A statement cache is owned by a physical connection. After being executed, a prepared statement is placed in the statement cache and remains there until the connection is closed.
Caching all of the prepared statements that an application uses might appear to offer increased performance. However, this approach may come at a cost of database memory if you implement statement caching with connection pooling. In this case, each pooled connection has its own statement cache that may contain all of the prepared statements that are used by the application. All of these pooled prepared statements are also maintained in the database’s memory.
Using Commands Multiple Times
Choosing whether to use the Command.Prepare method can have a significant positive (or negative) effect on query execution performance. The Command.Prepare method tells the underlying data provider to optimize for multiple executions of statements that use parameter markers. Note that it is possible to Prepare any command regardless of which execution method is used (ExecuteReader, ExecuteNonQuery, or ExecuteScalar).

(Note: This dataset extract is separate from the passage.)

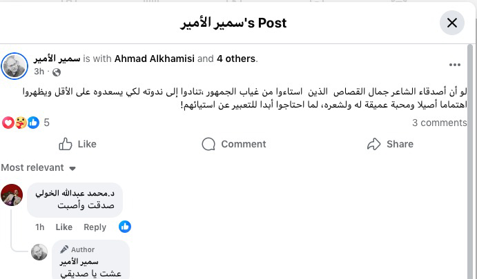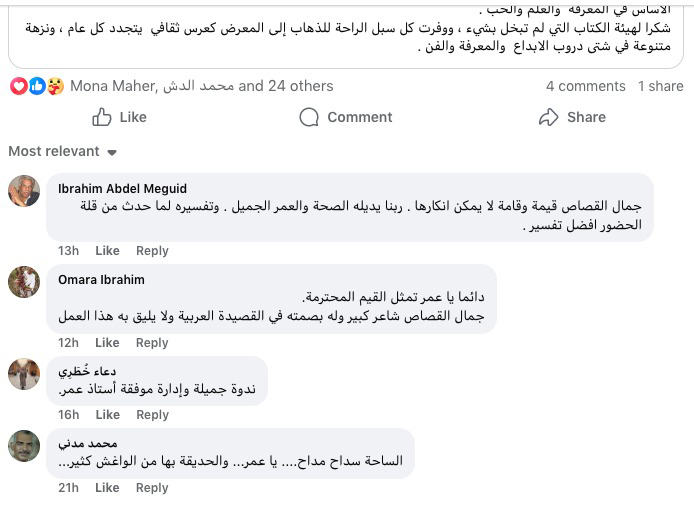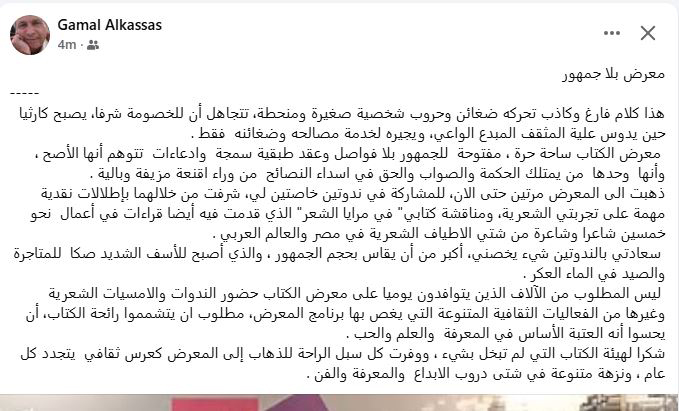 ولمن لم يتابع القصة من أولها، فقد بدأت فصول المهزلة المصرية من «البوست» المحذوف، والذى ذكرت محتواه فى الفقرة السابقة، تلاه فى اليوم الأول لندوات المعرض صورة لندوة الاحتفاء بالشاعر الكبير جمال القصاص تبدو فيها القاعة خالية من القليل من الجمهور من محبى جمال، ثم «بوست» آخر تجد صورة له بجوار هذا المقال، وجاء فيه ما نصه: «حين وصل الشاعر الكبير جمال القصاص إلى قاعة الشعر فى الموعد المحدد للقائه، وكنت معه، لم يجد أحدًا فى استقباله، المسئول عن برنامج الشعر لم يكلف نفسه عناء الحضور، فقط أربعة أو خمسة شباب مسئولين عن التنفيذ يجلسون فى خلفية القاعة».. «جلسنا معًا فى الصف الأول، ومعنا الشاعر محمد الكفراوى الذى سيدير اللقاء، وشاعرة زميلة من الغربية.. لم يشر لنا أحد بالبدء أو الانتظار، من خبراتى السابقة توسمت أن يحضر الجمهور حين تبدأ الندوة، فصعد للمنصة وبدأ الكلام، لكن لا يوجد أى تحرُّك لجذب الجمهور، فاستمرَّت الندوة كما بدأت، ساعة ونصف الساعة تقريبًا على ما هى عليه»، «لم يلتفت أحد لوضع الميكروفون على حامل أمام فمه، مراعاة لحالته الصحية، طول الوقت يمسك مايك لاسلكى لا يوصل صوته الواهن لى وأنا على بعد خطوتين، فكنت أنبهه كل دقيقتين.. وحين انتهت الندوة لم يتحدث أحد مع الأستاذ أيضًا، تركوه ومضوا بشكل لا يليق بتاريخه وأستاذيته»، «القصة ليست أن تضع اسم جمال القصاص فى ورقة، القصة هى أن تقيم احتفالًا لائقًا بقامة إبداعية وثقافية سامقة، لكنهم لا يعرفون مع الأسف!!».

Consider the case where an ADO.NET data provider implements Command.Prepare by creating a stored procedure on the server that contains the prepared statement. Creating stored procedures involves substantial overhead, but the statement can be executed multiple times. Although creating stored procedures is performance-expensive, execution of that statement is minimized because the query is parsed and optimization paths are stored at create procedure time. Applications that execute the same statement multiples times can benefit greatly from calling Command.Prepare and then executing that command multiple times.
However, using Command.Prepare for a statement that is executed only once results in unnecessary overhead. Furthermore, applications that use Command.Prepare for large single execution query batches exhibit poor performance. Similarly, applications that either always use Command.Prepare or never use Command.Prepare do not perform as well as those that use a logical combination of prepared and unprepared statements.
Using Native Managed Providers
Bridges into unmanaged code, that is, code outside the .NET environment, adversely affect performance. Calling unmanaged code from managed code causes the data provider to be significantly slower than data providers that are completely managed code. Why take that kind of performance hit?
If you use a bridge, your code will be written for this bridge. Later, when a database-specific ADO.NET data provider becomes available, the code must be rewritten; you will have to rewrite object names, schema information, error handling, and parameters. You'll save valuable time and resources by coding to managed data providers instead of coding to the bridges.
Updating Data
This section provides general guidelines to help you to optimize system performance when updating data in databases.
Using the Disconnected DataSet
Keep result sets small. The full result set must be retrieved from the server before the DataSet is populated. The full result set is stored in memory on the client.
Synchronizing Changes Back to the Data Source
You must build the logic into the PsqlDataAdapter for synchronizing the changes back to the data source using the primary key, as shown in the following example:
string updateSQL As String = "UPDATE emp SET sal = ?, job = ?" +
" = WHERE empno = ?";